Я опустила ноги и закрыла глаза. Я вдруг вспомнила: «Эскейпом» пахло от меня в тот вечер, когда я познакомилась с Денисом.
— Он совсем не такой, как остальные. Ему достаточно того, что он со мной, держит меня за руку, смотрит мне в глаза, — говорила Вика. — Но я-то понимаю: так не может продолжаться до бесконечности. Мужчине нужна женщина. Это неоспоримо. Я не хочу, чтоб ею стала другая. Ты ведь знаешь, я вовсе не придерживаюсь мнения, что секс способен заменить все остальные ощущения, но то, что он занимает…
Я уже не слушала Вику. Я больше не могла терпеть пытку «Эскейпом». Я вскочила с дивана и уселась на ковре в позе лотоса. О, это обманчивое чувство самообладания…

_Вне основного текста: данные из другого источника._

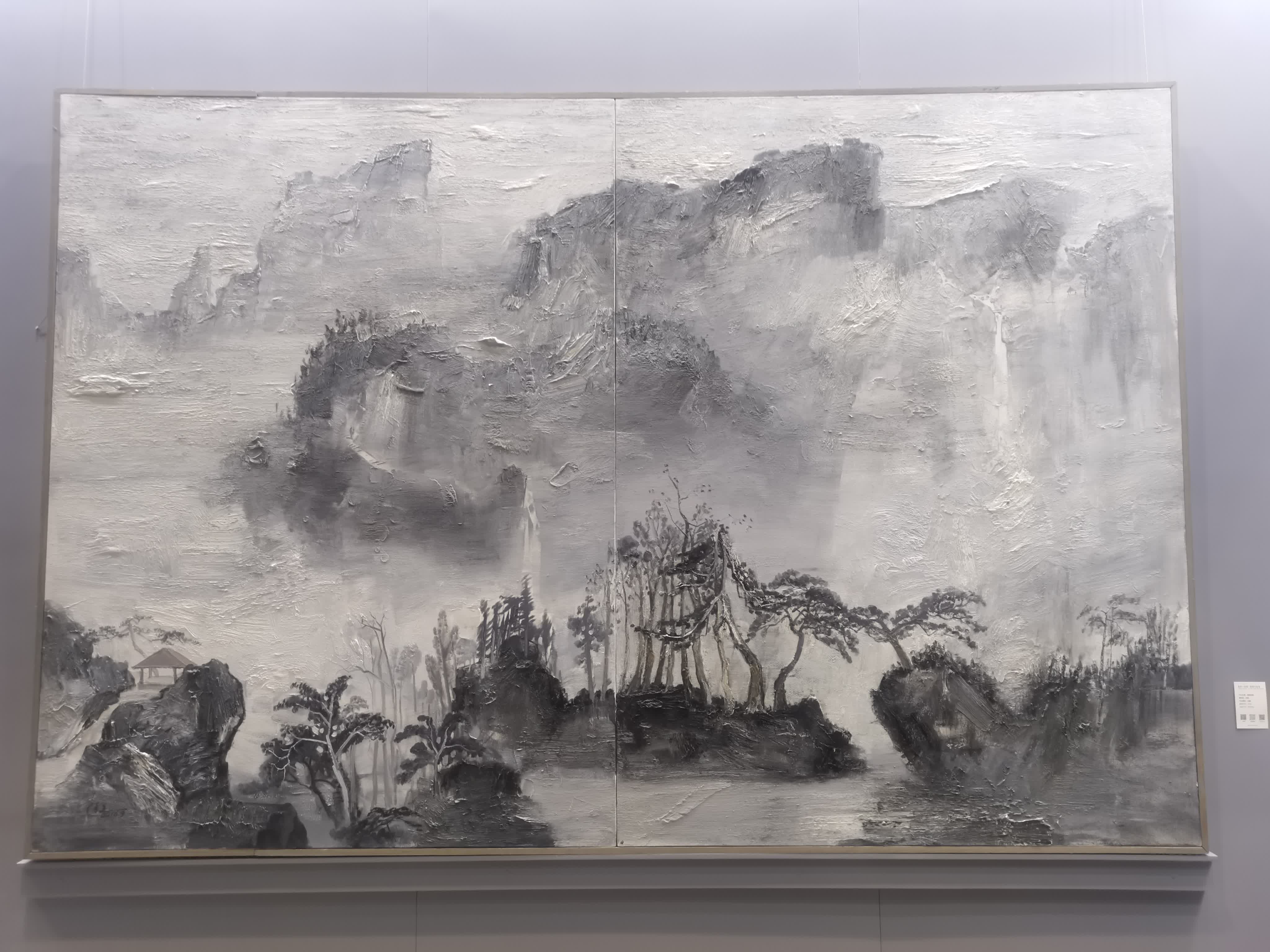 展廳現場多展示徐里大尺幅油畫和水墨畫作品,展出作品涵蓋《大壑清音》《江山如有待我欲做來人》《黃河清水灣》等勾勒祖國壯美山川的作品,以及《內蒙風光》《蜻蜓花上舞》《晨》等洋溢中國寫意精神的力作佳品,還有《雲山無盡》《鄉山暮靄》《大山深處雲起時》等巨幅水墨畫。
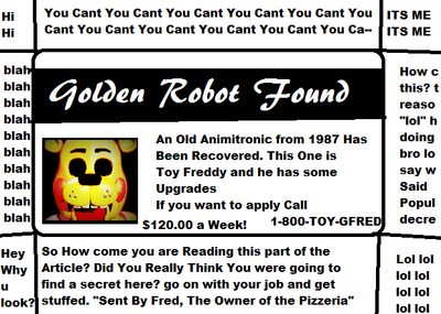 Uh...Hello? Hello? Welcome to the old location of Freddy Fazbears Pizza! Bonnie,Chica and Toy Foxy is gone... but we have the Marionette and balloon boy. we also found toy freddy. we painted him gold. the 3 do tend to be...active at night. its a free roaming mode. there are rumors about a man killing 5 children in this place. the safe room camera should be active.. if it isnt.. well then we have to fix that camera again. overall. it would be safe... if the animitronics didnt force you in a Golden Toy Freddy Suit. which has mechanical wireing in the suits. there are some springlock suits in the saferoom. noone should touch those. and we also have the mask. remember...put on the mask. and wind up the music box. Simple,Right? Well. thats all you need to survive the nights! goodnight.
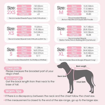 • Suitable for: small and medium size pets, do not fit for large breeds. Refer to chest girth first to choose. XS-XL 5 Sizes Available, M: Chest 17.3", Back 13.4".
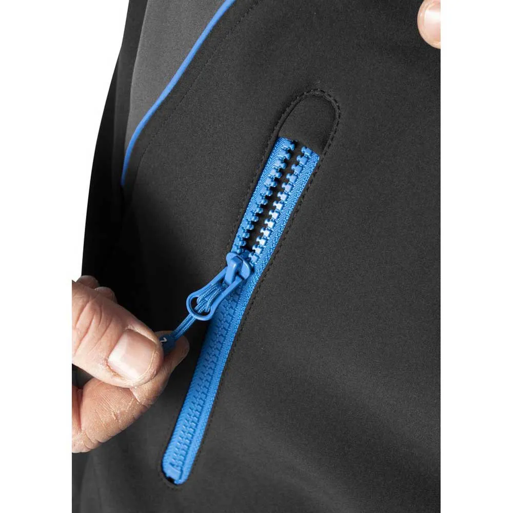 Posiada elastyczne mankiety, które pomagają wyeliminować wodę spływającą po ramieniu i trzy kieszenie na suwak, idealne do przechowywania telefonu, kluczy i innych kosztowności.
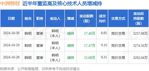 摘要: 消息,根據(jù)10月31日市場(chǎng)公開(kāi)信息、上市公司公告及交易所披露數(shù)據(jù)整理,中洲特材(300963)最新董監(jiān)高及相關(guān)人員股份變動(dòng)情況:2024年10月30日公司董事韓明共減持公司股份17.48萬(wàn)股,
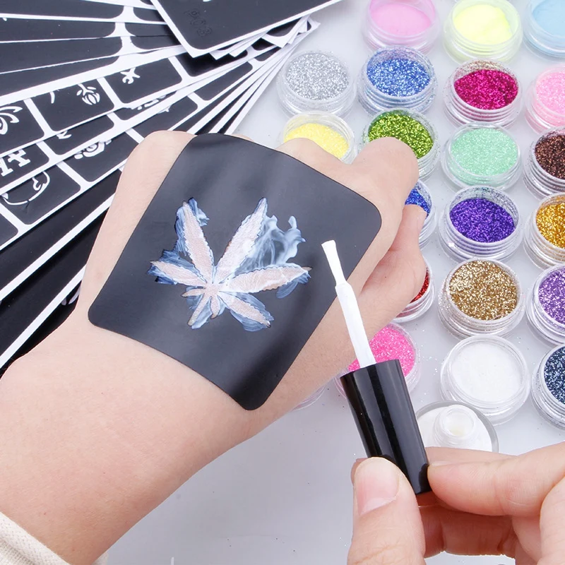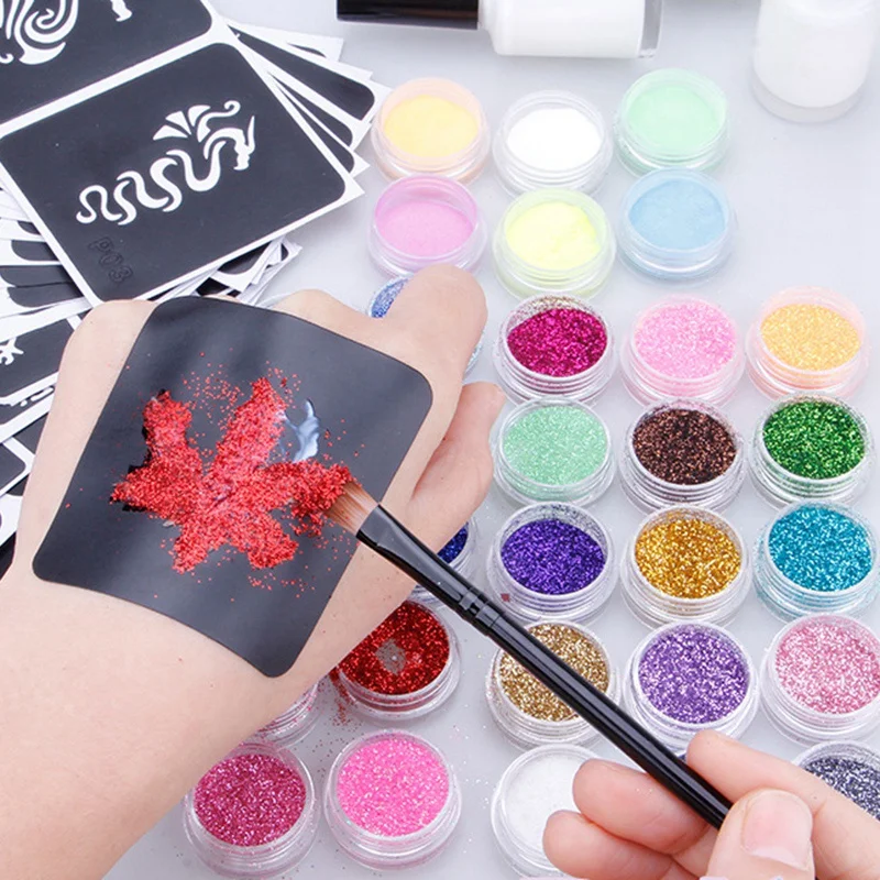 Related Product for 26 Colors/6 Colors Powder Temporary Shimmer Glitter Tattoo Kit For Body Art Design Paint With Stenc

— Я не могу пригласить Станислава к себе — это некрасиво и, честно говоря, небезопасно, — продолжала Вика. — Он может Бог знает что обо мне подумать. Он и так не поверил, когда я сказала, что ни разу не изменила мужу. Но ведь это так и есть, Лорик, и ты тому свидетель. Слушай, а что, если нам устроить ужин втроем? — внезапно осенило мою кузину. — Само собой, все хлопоты и расходы беру на себя. Лорик, солнышко, это было бы так здорово! А то Станислав наверняка думает, что я из самой что ни на есть кондовой среды. А ведь я и музыке училась, и даже, как ты помнишь, ходила в балетный кружок. Лорик, ну что же ты молчишь? Ты ведь не возражаешь, да?
Вика присела на корточки и попыталась заглянуть мне в глаза. Я их тут же закрыла.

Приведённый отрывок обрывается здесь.